Question

Two pith balls carrying identical charges are suspended from a common point by strings of equal lengths, the equilibrium separation between them is $r$. Now the strings are rigidly clamped at half the height. The equilibrium separation between the balls now will be :

• A. $\frac{r}{2^{1/3}}$
• B. $\frac{2r}{3}$
• C. $\frac{2r}{\sqrt{3}}$
• D. ${\left(\frac{1}{\sqrt{2}}\right)}^2$

Answer 1

The correct option is A $\frac{r}{2^{1/3}}$


Let $m$ be the mass of each ball and $q$ be the charge on each ball.

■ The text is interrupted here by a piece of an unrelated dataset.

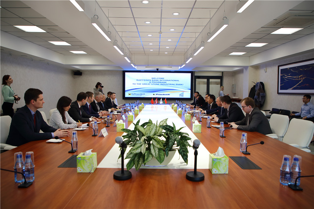 簽約儀式舉行前,管委會(huì )、開(kāi)發(fā)公司與奧地利奧合國際銀行、白俄羅斯Prior銀行舉行會(huì )談。會(huì )談上,亞羅申科向銀行代表對園區的關(guān)系表示感謝。胡政向與會(huì )銀行家詳細介紹了園區的建設歷程、運營(yíng)管理情況和發(fā)展計劃,并表示,園區始終積極的與銀行展開(kāi)合作,園區的項目需要銀行界的支持和幫助,希望園區與Prior銀行建立更加良好的合作關(guān)系。(投資服務(wù)中心 文/圖)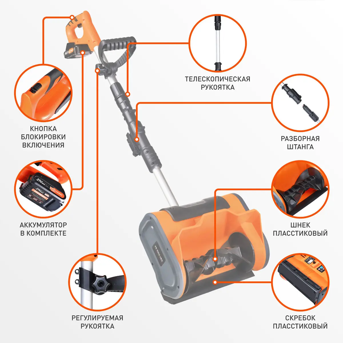 Легкий вес и компактность делают снегоочиститель удобным для хранения и транспортировки. Благодаря компактным размерам, вы сможете легко убрать его в небольшой шкаф или даже в багажник автомобиля. Теперь вы можете брать снегоуборщик с собой в любое место, где он вам может понадобиться.

Force of repulsion, $F=\frac{1}{4\pi {ϵ}_0}\frac{q^2}{r^2}$

In equilibrium,

$T\cos \theta =mg\dots \dots \left(1\right)$
$T\sin \theta =F\dots \dots \left(2\right)$

From $\left(1\right)$ and $\left(2\right)$ , we get,

$\tan \theta =\frac{F}{mg}=\frac{\frac{1}{4\pi {ϵ}_0}\frac{q^2}{r^2}}{mg}$

From figure (a),

$\frac{\left(\frac{r}{2}\right)}{y}=\frac{\frac{1}{4\pi {ϵ}_0}\frac{q^2}{r^2}}{mg}$ $\dots \dots \left(3\right)$

From figure (b)


$\frac{\left(\frac{r^{{}^{\prime }}}{2}\right)}{\frac{y}{2}}=\frac{\frac{1}{4\pi {ϵ}_0}\frac{q^2}{r^{{}^{\prime }{}^2}}}{mg}$$\dots \dots \left(4\right)$

From $\left(3\right)$ and $\left(4\right)$, we get

$\frac{2r^{{}^{\prime }}}{r}=\frac{r^2}{r^{{}^{\prime 2}}}\Rightarrow r^{{}^{\prime 3}}=\frac{r^3}{2}\Rightarrow r^{{}^{\prime }}=\frac{r}{2^{1/3}}$

Hence, option (d) is the correct answer.